EXERCISE OBJECTIVE —
Exactly and only the lines below from the one containing "halaman tetangga rumah." down to the one containing "Captivating 4x5 slot" are wanted, both included; please exclude every picture.

DATA RECORDS —
——————————
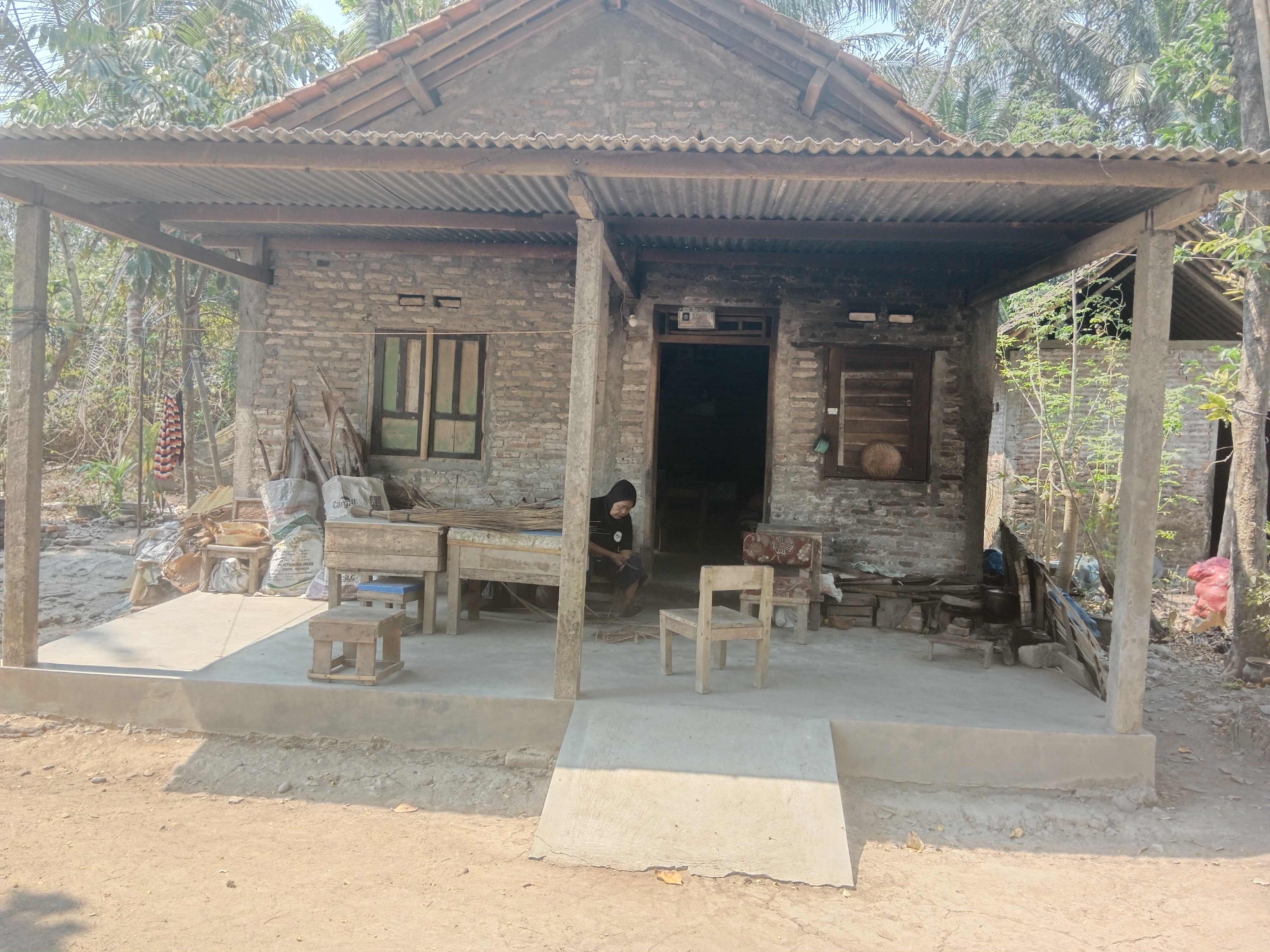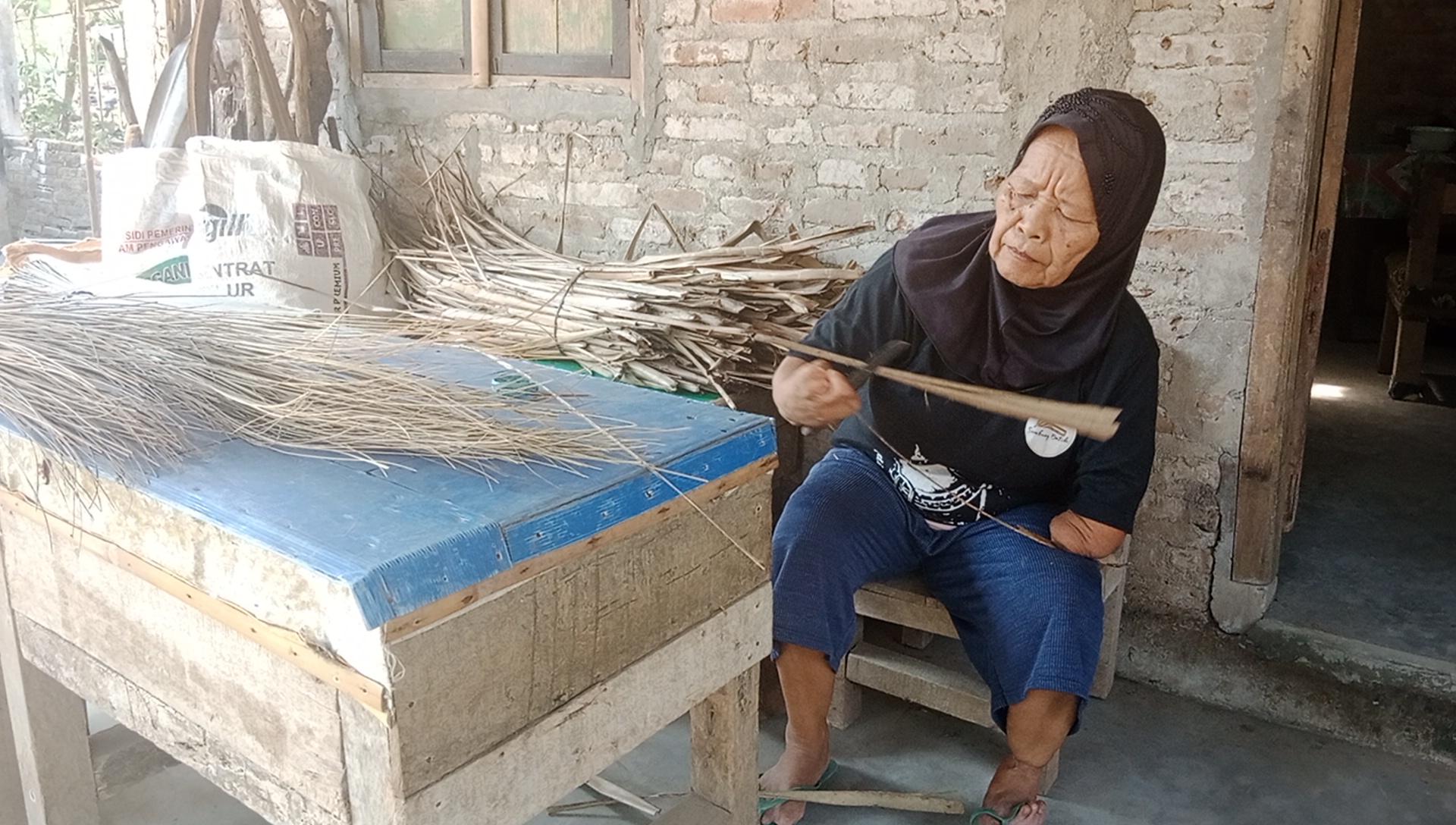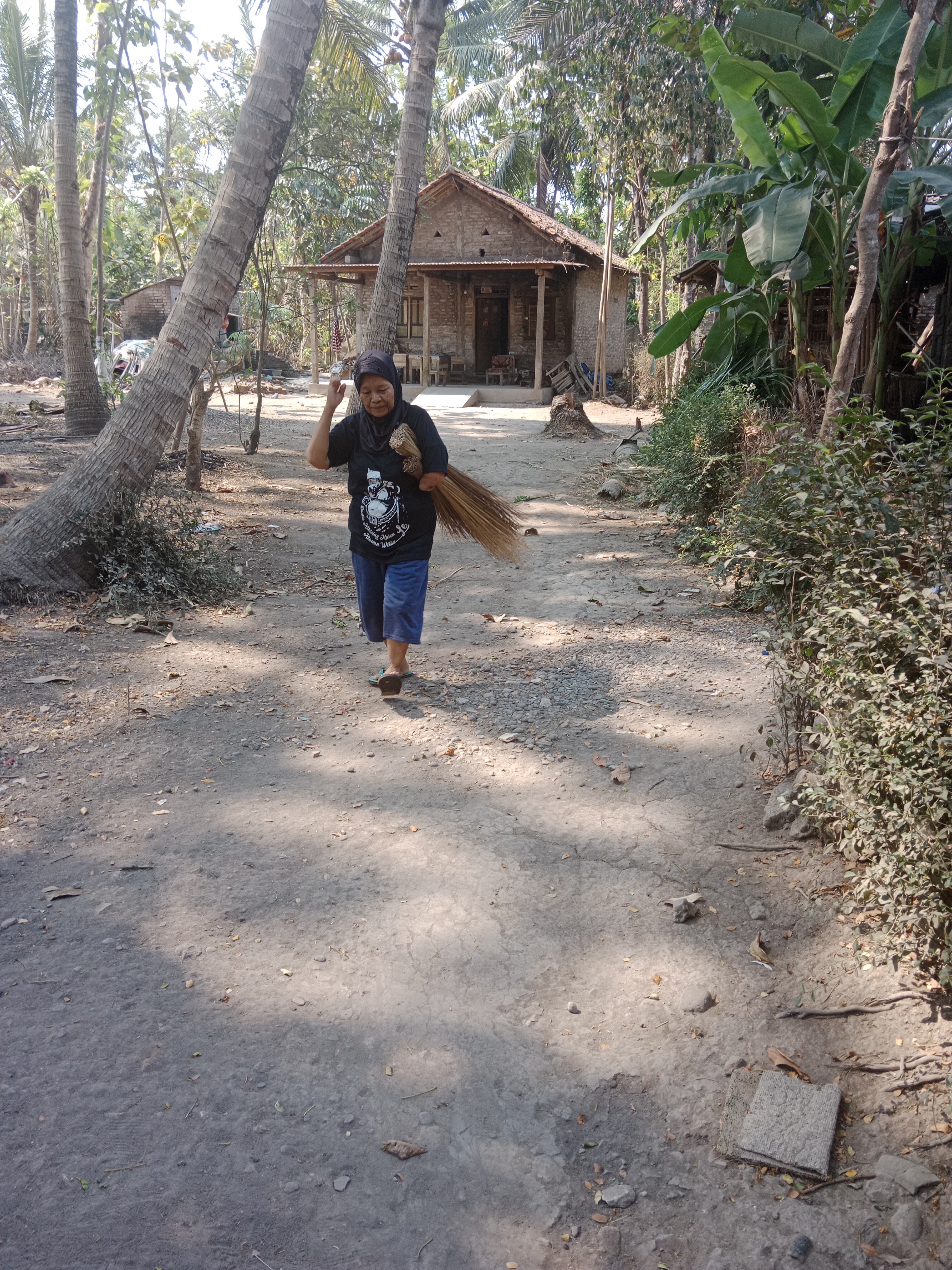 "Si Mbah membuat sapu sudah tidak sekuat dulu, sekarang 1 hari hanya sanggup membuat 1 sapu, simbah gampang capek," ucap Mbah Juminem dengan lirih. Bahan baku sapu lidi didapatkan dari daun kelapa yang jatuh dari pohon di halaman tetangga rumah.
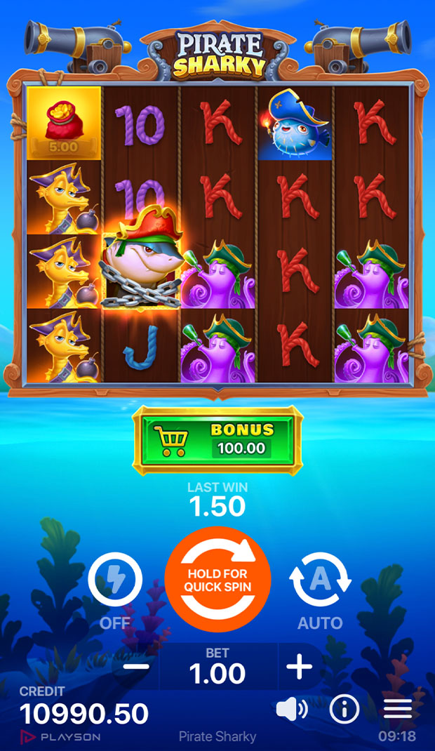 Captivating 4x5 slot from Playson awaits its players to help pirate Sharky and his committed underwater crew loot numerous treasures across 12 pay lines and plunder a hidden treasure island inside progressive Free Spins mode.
——————————
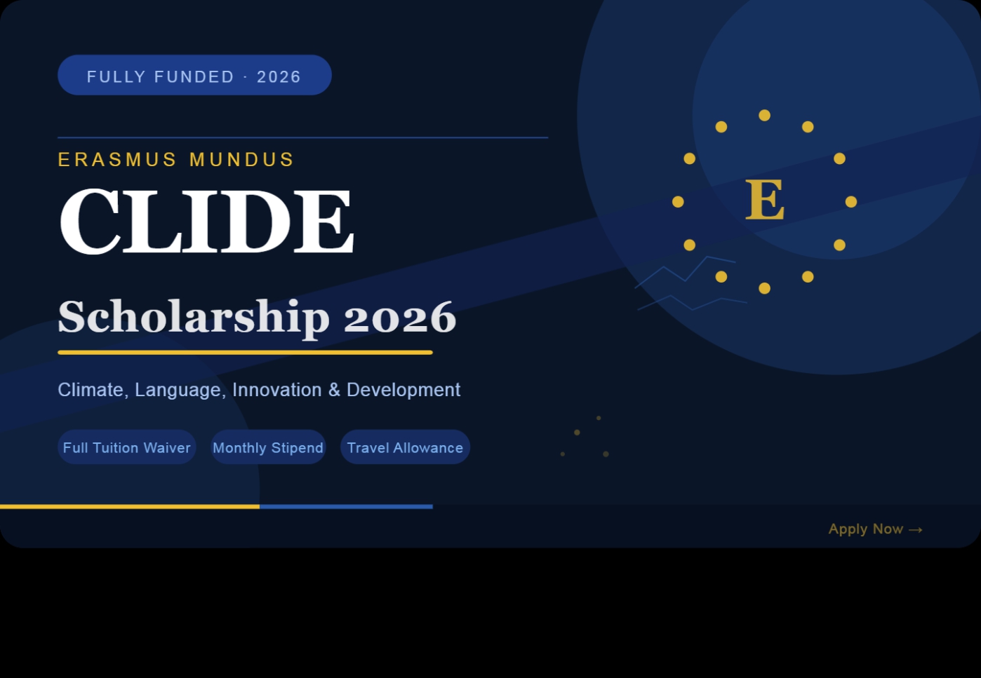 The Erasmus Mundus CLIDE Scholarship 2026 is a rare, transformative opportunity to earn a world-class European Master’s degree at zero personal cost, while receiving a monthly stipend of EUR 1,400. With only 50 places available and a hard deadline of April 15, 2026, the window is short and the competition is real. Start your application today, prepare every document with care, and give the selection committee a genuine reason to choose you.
——————————
EXERCISE RESPONSE —
 "Si Mbah membuat sapu sudah tidak sekuat dulu, sekarang 1 hari hanya sanggup membuat 1 sapu, simbah gampang capek," ucap Mbah Juminem dengan lirih. Bahan baku sapu lidi didapatkan dari daun kelapa yang jatuh dari pohon di halaman tetangga rumah.
 Captivating 4x5 slot from Playson awaits its players to help pirate Sharky and his committed underwater crew loot numerous treasures across 12 pay lines and plunder a hidden treasure island inside progressive Free Spins mode.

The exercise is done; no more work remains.